Greek farmers beseeched the gods to protect them from destructive insects.



Any evolutionary explanation for it?
Most probably. As individuals who avoided contact to potentially dangerous snakes, poisonous bugs & frogs, etc. had a higher rate of survival. Over the time, the brain evolved into having these defensive circuits. The amygdala which sits on the front of the memory systems of the hippocampus plays a role in determining how dangerous something is for us, thus helping with survival


Some of this fear probably depends on experience & familiarity with said crawlies, but I’m guessing there’s probably also something innate about it as well to human nature.

Apparently, we are naturally more alert towards spiders and snakes, but do not carry innate fear towards them. However, we also evolved to learn vicariously, from other humans behavior, experiences (especially closed ones). Children are also very curious. He or she might grab an insect, a lizard, or a frog but if he/she gets bitten, will associate this experience with pain. But also will learn to be fearful, if a parent, becomes panicked and screams not to touch the insect, reptile, etc. Or the child might imitate the behavior and learn to be fearful if he/she sees parents or other people acting frightened by the crawlies.

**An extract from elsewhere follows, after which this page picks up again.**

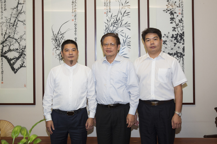 李大西博士與古少波董事長、古樸副總裁(左)合影留念

In one study, (https://journals.sagepub.com/doi/10.1177/0963721410388801) the Rutgers University professor showed eight- to fourteen-month-old infants a series of photographs. By tracking the infants’ eye movements, she found they noticed photographs of snakes more quickly than those of flowers, suggesting the human brain, like the monkey’s, is primed to view these creatures differently. However, the infants didn’t appear afraid of these creatures, because they didn’t cry or show any other evidence of distress. That’s an important distinction, LoBue says, because it confirms we likely possess a natural alertness toward spiders and snakes, which could predispose us to become afraid of them later in life, but we don’t naturally fear them.